# [Entries shown]
· · · · · · ·

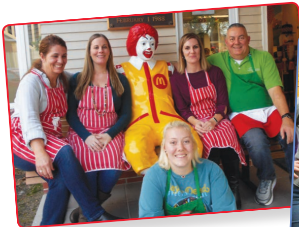
Mike Brown Group
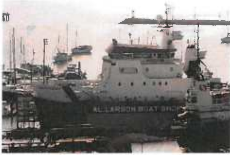
Al Larson Boat Shop & Marina 1046 S. Seaside Avenue (Leased property)
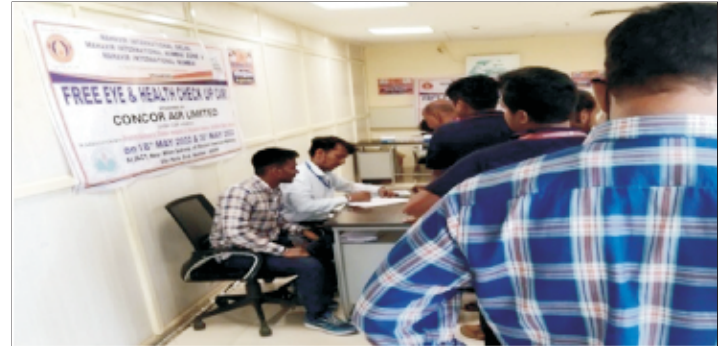
Patients waiting for Registration
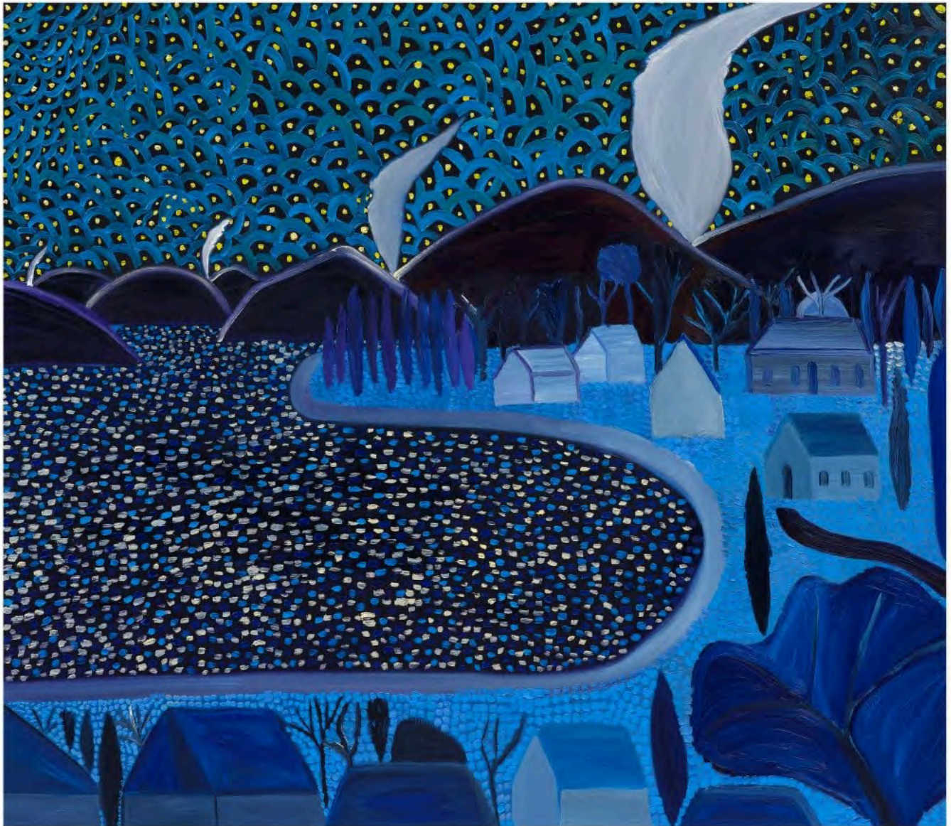
Matthew Wong, Starry Night (2019). © 2019 Matthew Wong Foundation/Artists Rights Society (ARS) New York. Image courtesy of The Matthew Wong Foundation.

The exhibition is on view at the Art Gallery of Ontario.
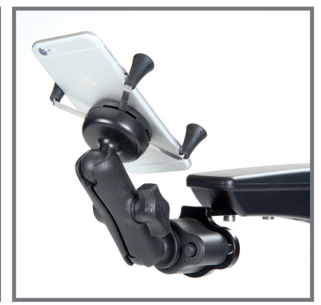
Mobile phone holder
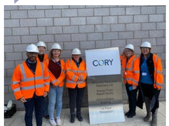
Visit to Funder combined with training
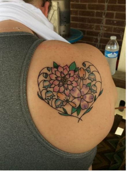
Happy family symbol images free download. What is a good symbol for family. Family symbol images. Download family love symbol images. Family symbol images download. Happy family symbol images. Symbols about family. Family love symbol images.
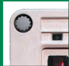
Temper proof mounting
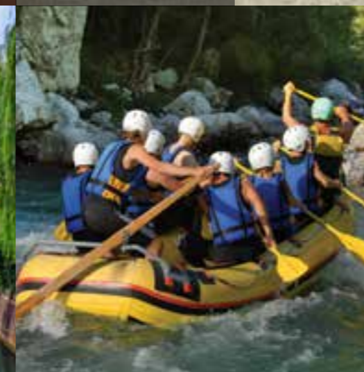
Soca valley - Soca river
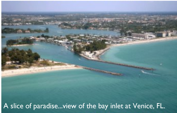
A slice of paradise...view of the bay inlet at Venice, FL.

all for attending and extend the invitation to attend next year. Share the news with your friends...even those who served on other ships and maybe in our area. Come one, come all. Sailors and Marines welcomed!
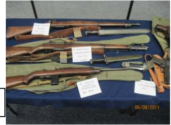
Middle-M1 Garand. Bottom-Carbine
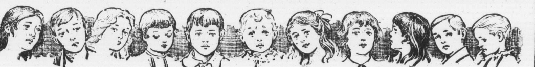
SOME OF THE 149,230 REASONS WHY THE FUND NEEDS SO MUCH MONEY

THE CANADIAN PATRIOTIC FUND, VICTORIA STREET, OTTAWA
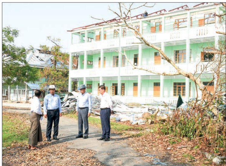
The Deputy Prime Minister looks round the BEHS No 4 in Sittway.
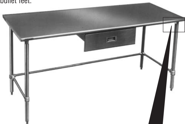
worktable with flat top and tubular base —shown with optional drawer

Eagle worktables, Deluxe series, model _____. Top to be constructed of 16/304 stainless steel with 1½" roll on front and rear, and sides turned down 90°. Open front with 1¼" O.D. stainless steel tubular crossbracing on sides and rear. Top reinforced with welded hat channels and sound deadened. Constructed with uni-lok® patented gusset system with the gussets recessed into the hat channels to reduce lateral movement. Legs to be 1½" O.D. stainless steel tubing, with stainless steel gussets and 1" adjustable hi-impact plastic bullet feet.
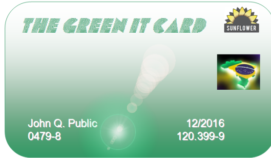
Fig. 2. First design of the Green IT Card.

whose reduction of paper emission occur more slowly begin to credit infotercios later. If equation (2) equals to negative values, this means that institution is still not fully working to credit infotercios in face of its coefficient \eta (Fig. 1. b). So, to credit infotercios , the institution must prove that it operates according to a planning for paper outputs reduction.

· · · · · · ·

# [Assignment]
Show every line above in which the word "with" is found.

# [Answer to this problem]
Visit to Funder combined with training
all for attending and extend the invitation to attend next year. Share the news with your friends...even those who served on other ships and maybe in our area. Come one, come all. Sailors and Marines welcomed!
worktable with flat top and tubular base —shown with optional drawer
Eagle worktables, Deluxe series, model _____. Top to be constructed of 16/304 stainless steel with 1½" roll on front and rear, and sides turned down 90°. Open front with 1¼" O.D. stainless steel tubular crossbracing on sides and rear. Top reinforced with welded hat channels and sound deadened. Constructed with uni-lok® patented gusset system with the gussets recessed into the hat channels to reduce lateral movement. Legs to be 1½" O.D. stainless steel tubing, with stainless steel gussets and 1" adjustable hi-impact plastic bullet feet.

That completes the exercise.